The drug, aducanumab, would not stop or reverse dementia, but some evidence suggests it can slow the progression of memory and thinking problems in people with mild or early symptoms of cognitive decline, giving them a little extra time before they develop Alzheimer’s. It would be the first medication to do so by attacking the core biology of Alzheimer’s disease.

Many Alzheimer’s experts, however, are skeptical that aducanumab, made by Biogen, has exhibited strong enough evidence that it can slow cognitive decline. The drug, given as a monthly intravenous infusion — would also be costly, about $50,000 a year. And some experts say that it would be challenging for doctors trying to appropriately prescribe and monitor its use and that approval of such a drug would make it less likely that patients would participate in studies for other Alzheimer’s drugs that might ultimately work better.

The drug’s path through clinical trials has been rocky, with only one of two Phase 3 trials showing positive results — and those results emerged only from an analysis of additional data after the trials were stopped in March 2019 by an independent data monitoring committee because the drug didn’t appear to be working.

Several experts, including a Mayo Clinic neurologist who was a site investigator for an aducanumab trial, have said that the evidence is too weak for the drug to warrant approval now and that another rigorous clinical trial should be conducted before a decision is made on whether the drug should be made available.

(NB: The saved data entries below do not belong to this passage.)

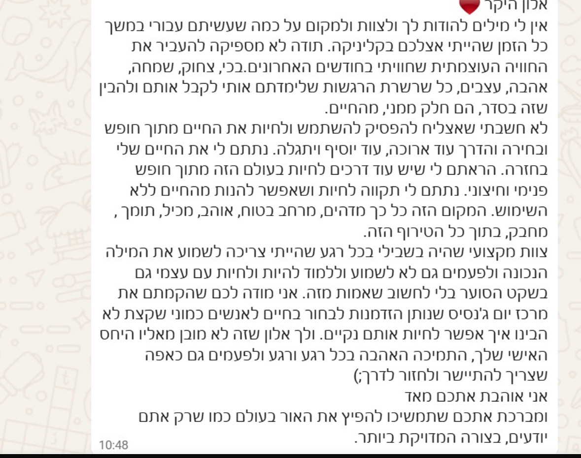 כל מטופל מקבל ליווי מותאם אישית מתוך הקשבה, רגישות ודיסקרטיות מלאה.
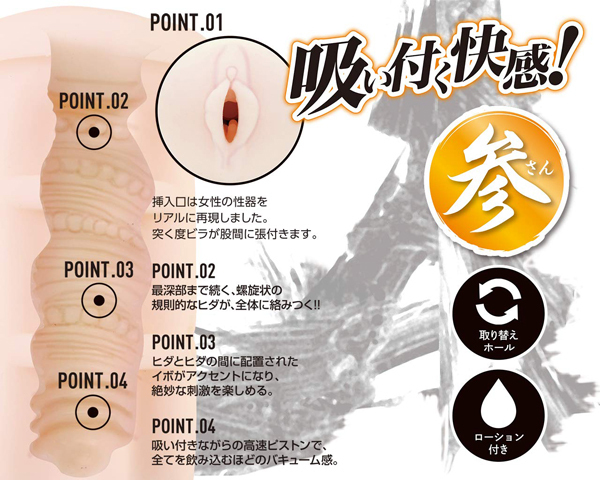 ピストンキング電王の専用ホールが3種同時に参上!!吸い付く快感が楽しめる参は、螺旋ヒダバキュームTYPE!!
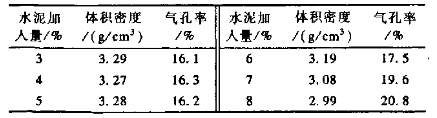表4 水泥加入量對(duì)體密和氣孔率的影響
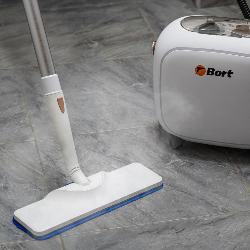 Пароочисник для будинку Bort BDR-3000-RR підійде для чищення та дезінфекції твердих покриттів для підлоги з плитки, каменю, килимових покриттів, стійких до впливу високих температур, вікон, дзеркал, сантехніки.
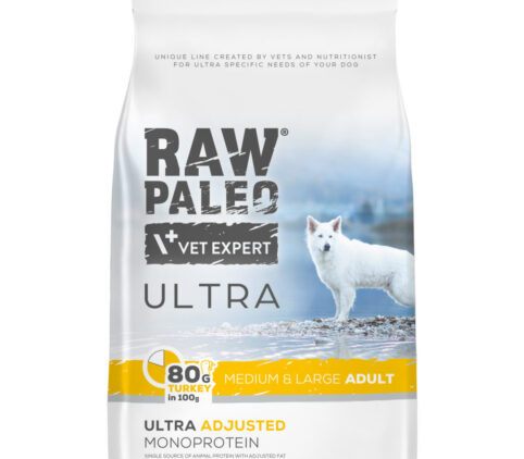 Összetétel (g/100 g): pulyka 80 g/100 g (frissen előkészített pulyka (50 g/100 g), szárított pulyka (23,5 g/100 g), pulykazsír (4,5 g/100 g), pulykaszaft (2 g/100 g)), édesburgonya, burgonya, frissen előkészített sárgarépa (9,1 g/100 g)*, lazacolaj (3 g/100 g), sörélesztő, ásványi anyagok, vitaminok, frukto-oligoszacharidok (0,08 g/100 g), mannán-oligoszacharidok (0,05 g/100 g), borágóolaj Borago officinalis (0,015 g/100 g).
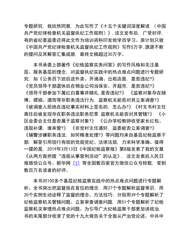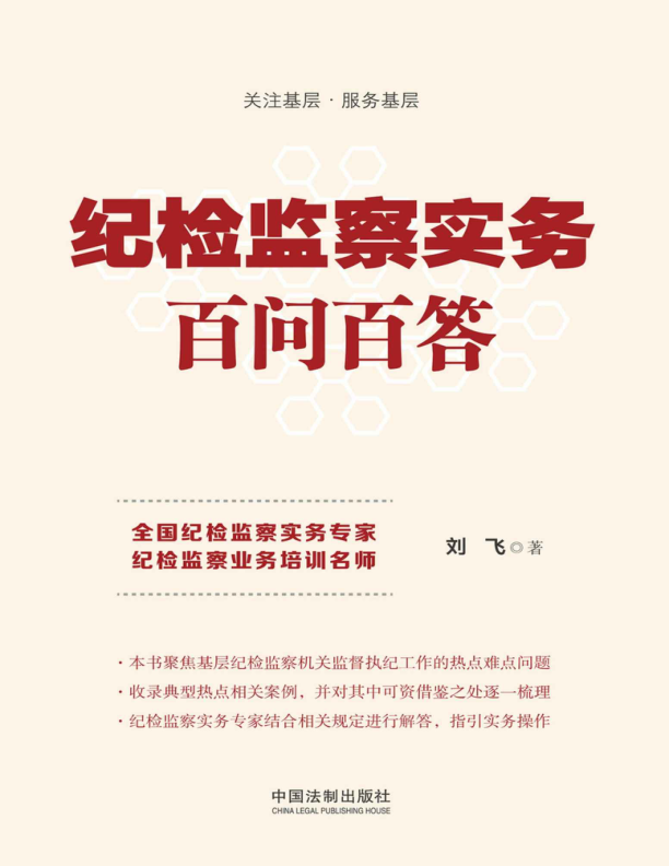 本书由全国纪检监察实务专家刘飞倾力撰写,聚焦基层纪检监察工作中的热点、难点问题,涵盖监督执纪、立案审查、审理处置、监察管辖等百余个实务场景。书中问题均来自一线实践,如‘公务员下班送外卖是否违纪’‘小区业委会主任是否属于监察对象’等,贴近现实、极具代表性。作者结合最新党规党纪与法律法规,逐一解析,条理清晰、依据充分,兼具专业性与可操作性。承袭《纪检监察实务问答》的务实风格,本书既是基层纪检干部的工具书,也是提升业务能力的培训佳选。附录收录十九大报告及党的政治建设意见,助力打造‘既懂党规又通国法’的复合型纪检监察人才。
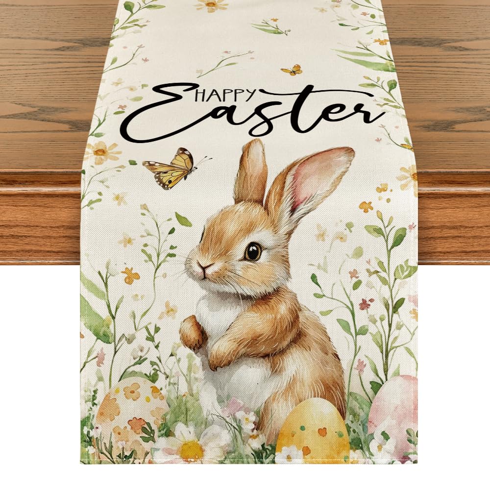 Artoid Mode Bunny Rabbit Butterfly Eggs Flowers Easter Table Runner, Seasonal Spring Kitchen Dining Table Decoration for Home Party Decor 13x72 Inch
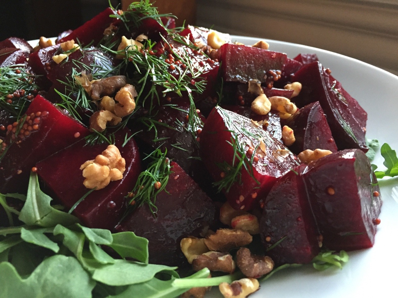 We loosely followed this recipe: https://www.myrecipes.com/recipe/beets-with-dill-walnuts. Our modifications: first, instead of pressure-cooking 6 medium-large beets, we oven-roasted them for 40-45 mins (instructions here: https://piglettedc.wordpress.com/2015/03/25/roasted-beets-this-is-one-of-my-favorite/). After letting them cool (inside their foil packets), we rubbed off their skin with paper towels. We cut each beet into large chunks by slicing in half vertically, then cutting each beet half into 6 wedges (½” x 1″). Second, for the vinaigrette, we whisked together 1 Tbsp apple cider vinegar, the juice of one medium lemon (about ¼ cup, or 4 Tbsp), 2 tsp sugar, 2 tsp Maille wholegrain mustard (instead of Dijon ), ¾ tsp salt, and ¼ tsp black pepper. We next whisked in 3 Tbsp olive oil and 2-3 Tbsp chopped fresh dill before tossing the vinaigrette with the beets. We served the beets over baby arugula and garnished with ¼ cup toasted walnuts. We served this salad with Russian black bread as an appetizer before Polish stuffed cabbage leaves. (Apr. 2017)
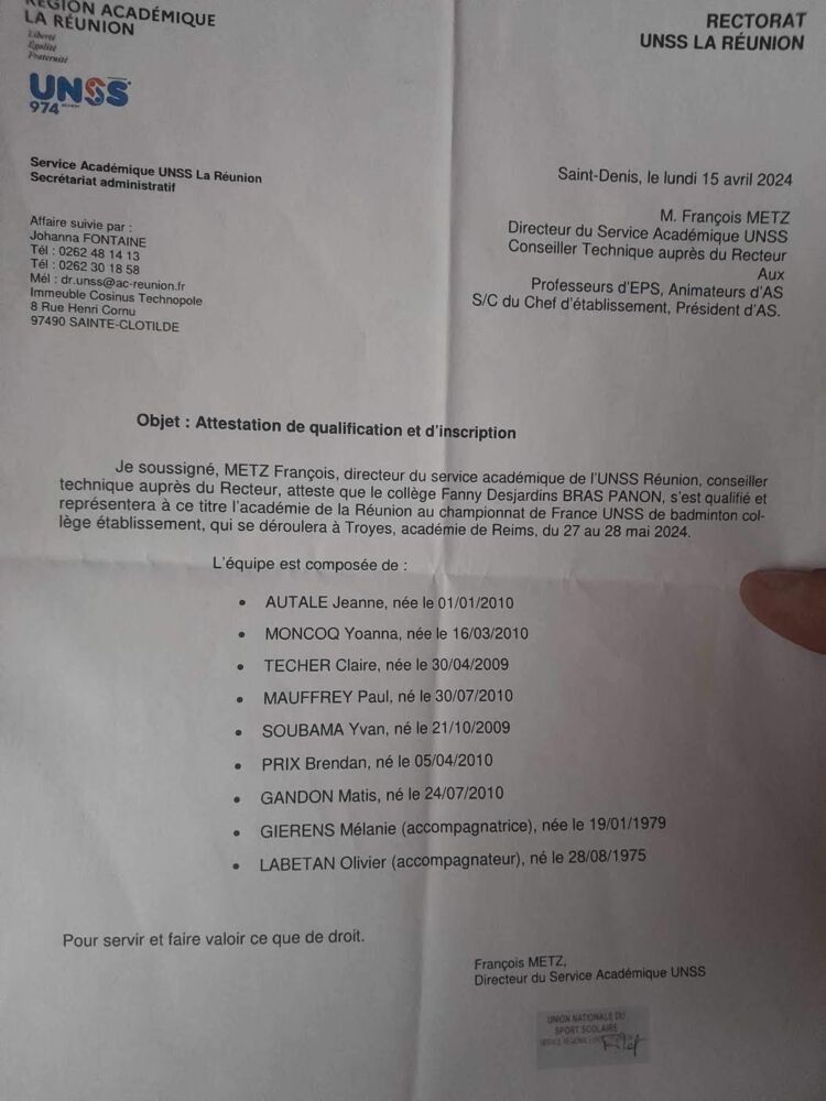 Avec humilité, le collège de Bras-Panon aborde désormais les Championnats de France de Badminton UNSS. « C’est avec gratitude et détermination que nous représenterons l’Association Sportive du collège, la ville de Bras-Panon et l’île de La Réunion », expliquent les élèves qualifiés qui sont : Claire Techer, Yohanna Moncoq, Jeanne Autale, Matis Gandon, Brendan Prix, Yvan Soubama et Paul Mauffrey (en tant que jeune arbitre), se préparent avec sérieux et détermination pour cette nouvelle aventure.
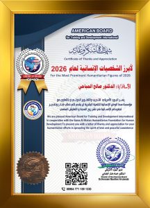 في لفتة تقديرية تعكس أهمية العمل الإنساني والإعلامي المشترك قدم البورد الأمريكي للتدريب والتطوير الدولي، بالتعاون مع مؤسسة الأمن الوطني الإنسانية للتنمية البشرية، خطاب شكر وتقدير إلى الدكتور صالح المياحي رئيس الاتحاد العربي للإعلام الإلكتروني
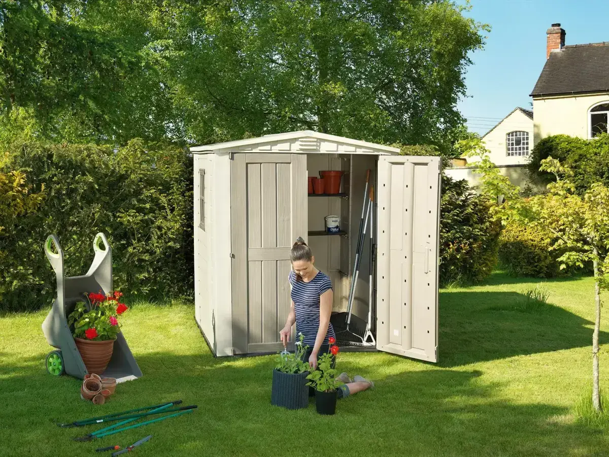 Ietilpīgais Factor 6x6 dārza šķūnis der ne tikai dārzkopības piederumiem, bet arī mazākām atpūtas iekārtām, kā arī mājsaimniecībai svarīgiem instrumentiem un priekšmetiem. Produkts ir izgatavots no augstas kvalitātes plastmasas materiāliem, tāpēc tas neprasa apkopi, nerūsē, nav pakļauts pārklājuma vai materiāla sabojāšanās procesiem.
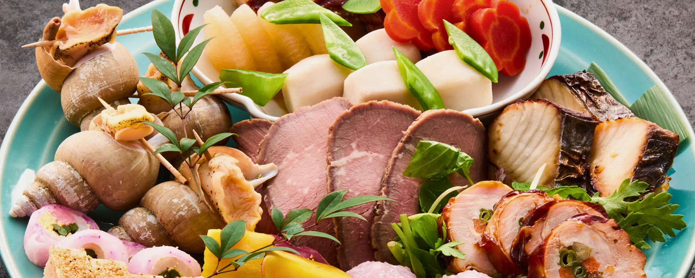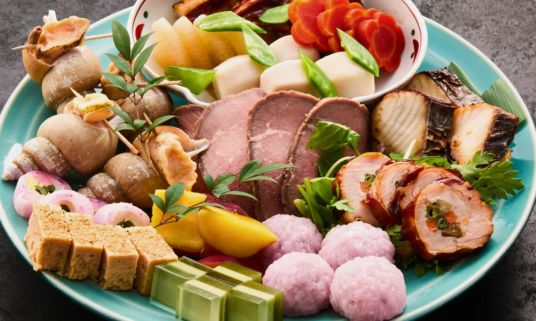 梅貝甘露煮/西京燒鰆魚/雞肉捲/松風燒/砧卷/烤牛肉/綜合燉煮料理/甜點
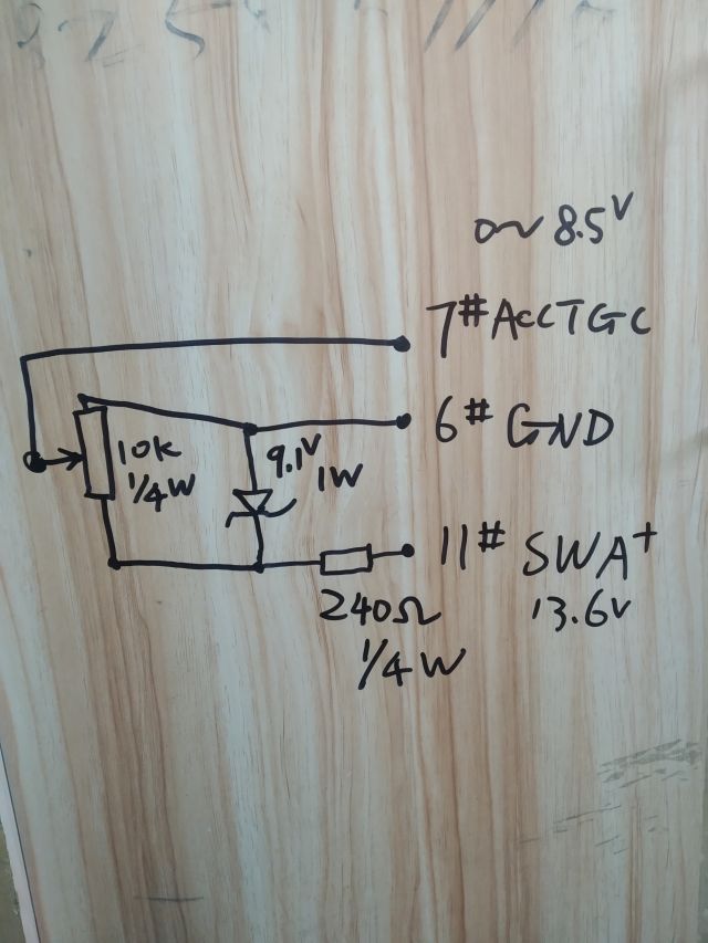 使用是的机器后面的acc口,电阻240Ω,1/4瓦;稳压二极管9.1V 1瓦,电位器10kΩ。

The panel, a committee of medical experts that advises the Food and Drug Administration, will review evidence of the effectiveness and safety of aducanumab. If it endorses the drug Friday, that would not guarantee its approval, but the FDA often follows the recommendations of its advisory panels.

Documents posted by the FDA in advance of the hearing gave the impression that most of the agency’s reviewers were satisfied that data from the successful trial was strong and that safety issues, which mostly involved a type of brain swelling, were manageable.